Records supplied »

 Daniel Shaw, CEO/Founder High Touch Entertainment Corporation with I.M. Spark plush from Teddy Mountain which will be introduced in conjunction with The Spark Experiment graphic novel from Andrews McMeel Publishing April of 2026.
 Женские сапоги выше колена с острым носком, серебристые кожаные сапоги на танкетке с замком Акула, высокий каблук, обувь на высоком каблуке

---

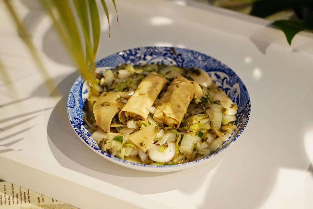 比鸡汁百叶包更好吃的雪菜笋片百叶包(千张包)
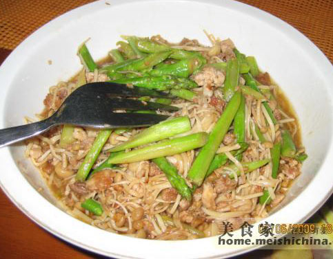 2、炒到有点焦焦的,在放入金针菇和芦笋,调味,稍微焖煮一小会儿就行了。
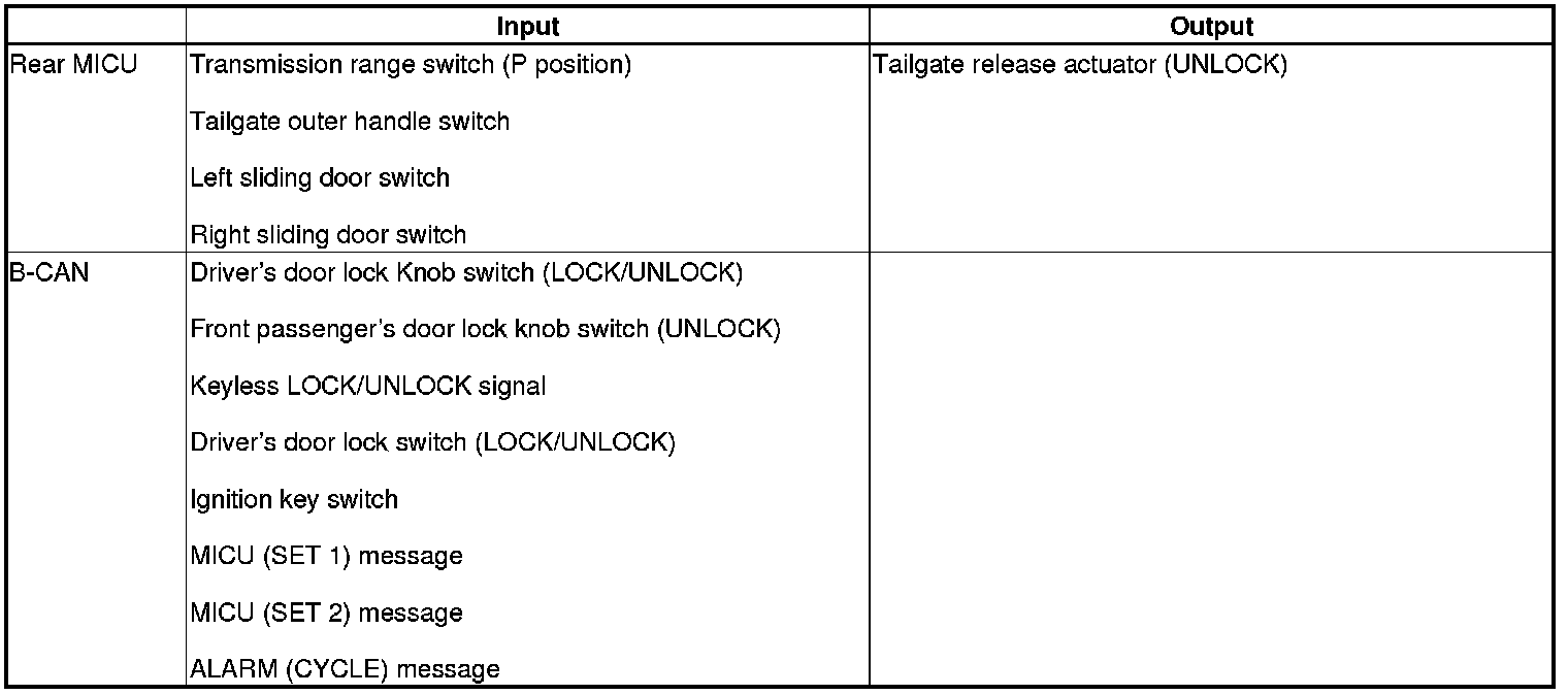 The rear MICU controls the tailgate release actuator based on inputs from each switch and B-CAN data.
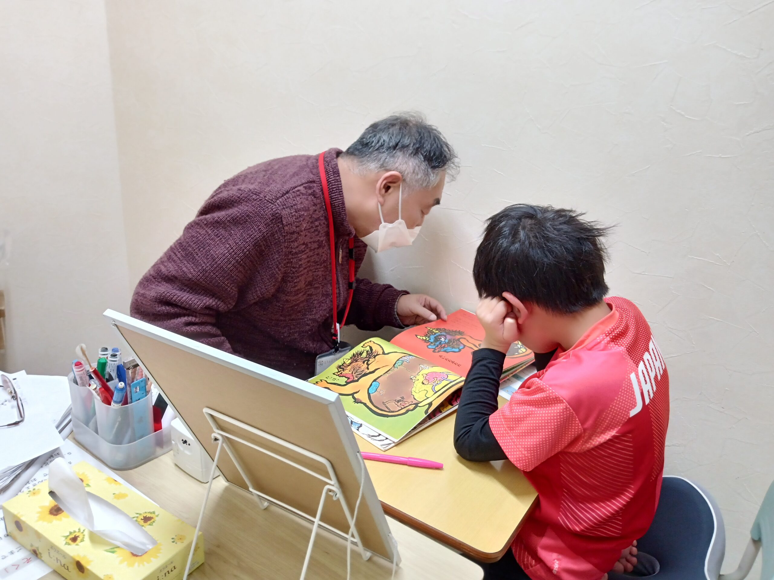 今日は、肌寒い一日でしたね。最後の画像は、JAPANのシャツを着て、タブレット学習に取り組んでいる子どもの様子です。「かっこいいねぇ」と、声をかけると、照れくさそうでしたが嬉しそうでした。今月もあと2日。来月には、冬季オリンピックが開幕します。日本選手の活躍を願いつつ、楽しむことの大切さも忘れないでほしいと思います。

==

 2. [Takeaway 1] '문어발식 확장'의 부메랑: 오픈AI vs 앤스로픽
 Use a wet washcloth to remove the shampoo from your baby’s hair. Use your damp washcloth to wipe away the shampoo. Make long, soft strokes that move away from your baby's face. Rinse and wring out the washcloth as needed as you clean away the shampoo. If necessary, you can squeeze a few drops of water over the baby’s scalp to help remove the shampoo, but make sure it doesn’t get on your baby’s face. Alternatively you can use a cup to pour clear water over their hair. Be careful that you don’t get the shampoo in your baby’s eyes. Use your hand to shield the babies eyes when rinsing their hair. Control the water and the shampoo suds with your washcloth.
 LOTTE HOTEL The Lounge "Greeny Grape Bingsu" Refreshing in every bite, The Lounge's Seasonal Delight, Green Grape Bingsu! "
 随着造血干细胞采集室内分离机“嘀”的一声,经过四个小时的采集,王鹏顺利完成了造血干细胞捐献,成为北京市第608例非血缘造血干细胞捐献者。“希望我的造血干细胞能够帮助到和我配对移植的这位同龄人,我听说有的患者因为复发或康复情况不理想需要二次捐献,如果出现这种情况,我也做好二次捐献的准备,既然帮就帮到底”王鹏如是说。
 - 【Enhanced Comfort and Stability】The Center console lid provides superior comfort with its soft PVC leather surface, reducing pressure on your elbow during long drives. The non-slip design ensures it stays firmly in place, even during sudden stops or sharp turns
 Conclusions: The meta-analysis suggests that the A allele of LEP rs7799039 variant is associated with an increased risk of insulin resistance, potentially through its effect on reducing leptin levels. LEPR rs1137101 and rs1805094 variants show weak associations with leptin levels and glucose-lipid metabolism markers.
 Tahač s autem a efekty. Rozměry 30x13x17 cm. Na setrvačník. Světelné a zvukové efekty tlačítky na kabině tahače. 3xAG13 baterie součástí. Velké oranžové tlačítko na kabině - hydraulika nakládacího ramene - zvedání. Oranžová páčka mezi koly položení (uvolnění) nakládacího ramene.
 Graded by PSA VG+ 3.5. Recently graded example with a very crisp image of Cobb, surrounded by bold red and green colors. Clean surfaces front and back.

Your task »
Copy out the lines above exactly, beginning at the one that contains "LOTTE HOTEL The" and ending at the one that contains "随着造血干细胞采集室内分离机".

Completed exercise »
 LOTTE HOTEL The Lounge "Greeny Grape Bingsu" Refreshing in every bite, The Lounge's Seasonal Delight, Green Grape Bingsu! "
 随着造血干细胞采集室内分离机“嘀”的一声,经过四个小时的采集,王鹏顺利完成了造血干细胞捐献,成为北京市第608例非血缘造血干细胞捐献者。“希望我的造血干细胞能够帮助到和我配对移植的这位同龄人,我听说有的患者因为复发或康复情况不理想需要二次捐献,如果出现这种情况,我也做好二次捐献的准备,既然帮就帮到底”王鹏如是说。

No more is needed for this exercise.